● **Collection entries**:
________________
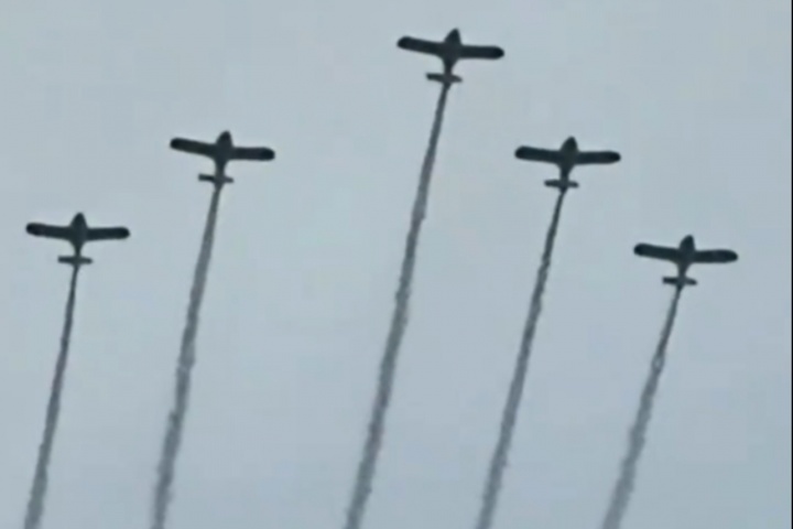 飛躍賽場的高度嚴格遵守了法律法規(guī),但遺憾的是,因為其中一架飛機擔負拍攝任務,所以在地面上看來不夠整齊,有點遺憾。
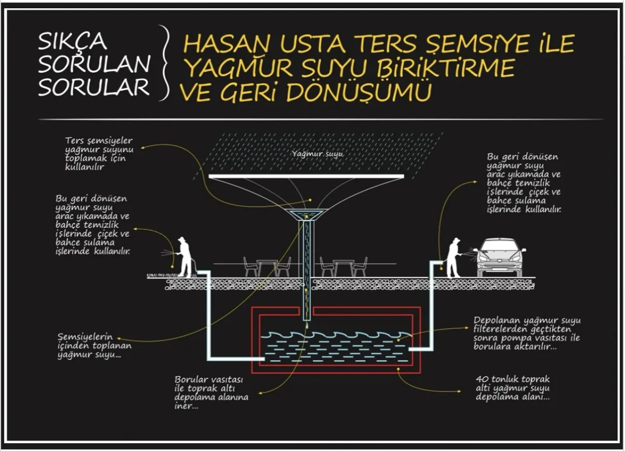 Hasan Usta Kebap, restoran alanında kurduğu ters şemsiye sistemi sayesinde yağmur sularını toplayarak geri dönüştürüyor. Sistemin işleyişine göre; ters şemsiyeler aracılığıyla toplanan yağmur suları, borular vasıtasıyla 40 tonluk yer altı depolama alanına aktarılıyor. Burada filtrelenen sular, güçlü pompa sistemleriyle tekrar kullanım alanlarına yönlendiriliyor.
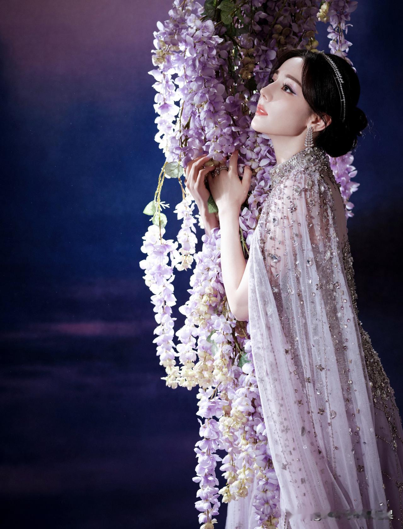 简直太美丽了,紫藤花女神好喜欢这个完美的迪丽热巴!
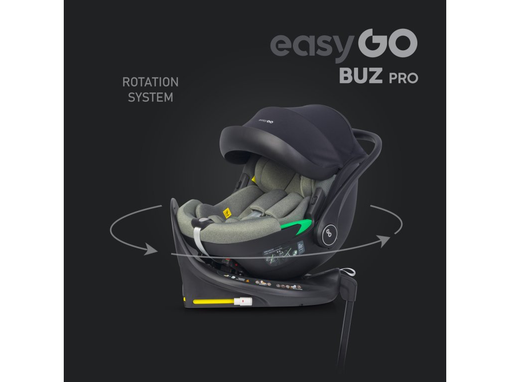 - Bővítési lehetőségMiután gyermeke kinövte ezt az ülést, ugyanarra az ISOFIX forgótalpra rögzíthet egy másik EasyGo BUZ PRO BODY ülést, amely legfeljebb 150 cm magas gyermekek számára készült, így egy költséghatékony 2 az 1-ben szettet hozhat létre.
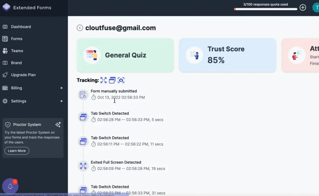 When students access the quiz, they’ll be prompted to enable their camera and accept full-screen mode. The system then monitors their activity and generates a trust score based on detected events.
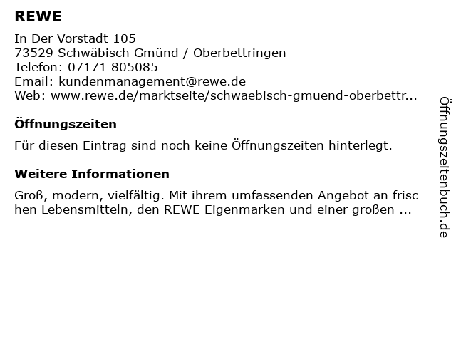 Hinweis: Groß, modern, vielfältig. Mit ihrem umfassenden Angebot an frischen Lebensmitteln, den REWE Eigenmarken und einer großen Getränkeauswahl, bieten REWE Supermärkte alles was Sie brauchen an einem Ort.
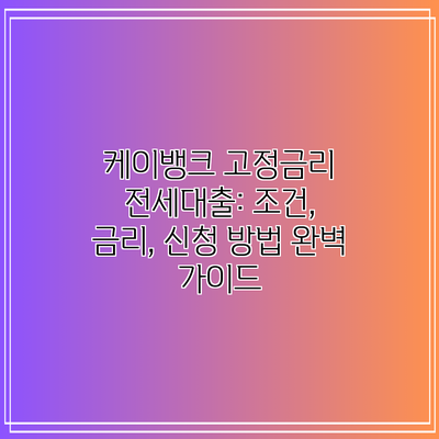 케이뱅크 고정금리 전세대출: 조건, 금리, 신청 방법 완벽 가이드
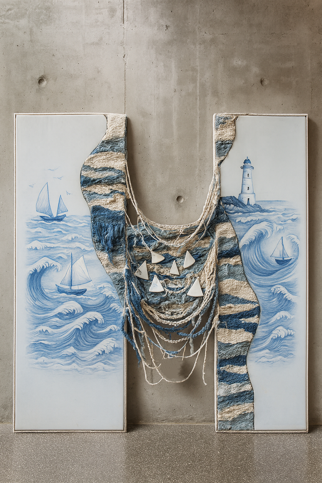 of waiting, hope, and uncertainty, while the lighthouse in the ceramic panel symbolizes guidance and
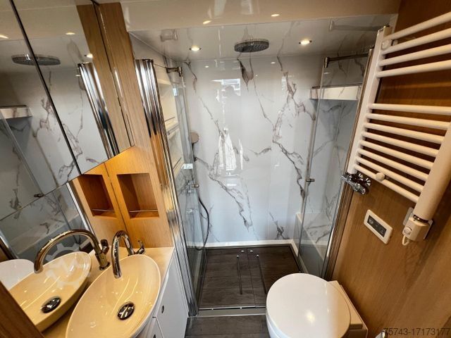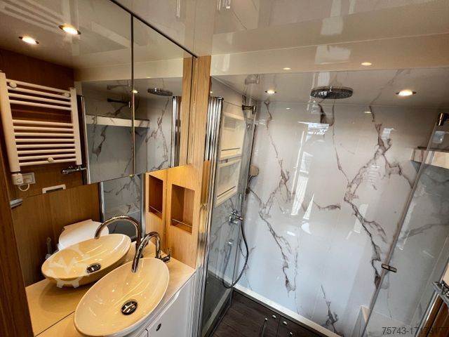 LG auxiliary air conditioning, auxiliary heating, 2Tv/Sat, fine wood, bathroom, shower, WC, air conditioning, kitchen, leather seating area, microwave, fridge and freezer, dishwasher, external saddle locker, cable winch, cruise control, alloy wheels, navigation system, air suspension, steerable rear axle, trailer hitch, and much more.
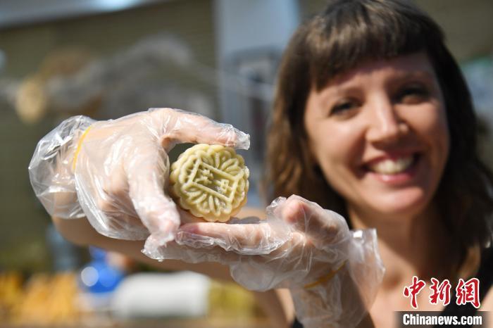 9月12日,阿根廷摄影艺术家娜塔莉亚·海姆在成都浓园国际艺术村体验制作月饼。中新社记者 张浪 摄
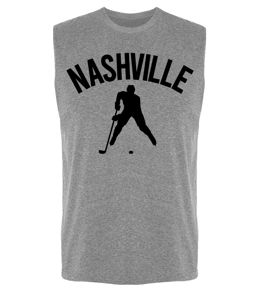 This premium sleeveless muscle shirt proudly displays the hockey loving city of Nashville, USA in combination with our trademark silhouette. The fabric weight is 4 ounces and made from 100% polyester. Wash on cold and air dry.
________________
● **Task details**: Your answer must be the lines above from the one holding "Hinweis: Groß, modern, vielfältig." up to and including the one holding "케이뱅크 고정금리 전세대출: 조건, 금리, 신청 방법 완벽 가이드", exact and with no pictures.

● **The completed task**:
 Hinweis: Groß, modern, vielfältig. Mit ihrem umfassenden Angebot an frischen Lebensmitteln, den REWE Eigenmarken und einer großen Getränkeauswahl, bieten REWE Supermärkte alles was Sie brauchen an einem Ort.
 케이뱅크 고정금리 전세대출: 조건, 금리, 신청 방법 완벽 가이드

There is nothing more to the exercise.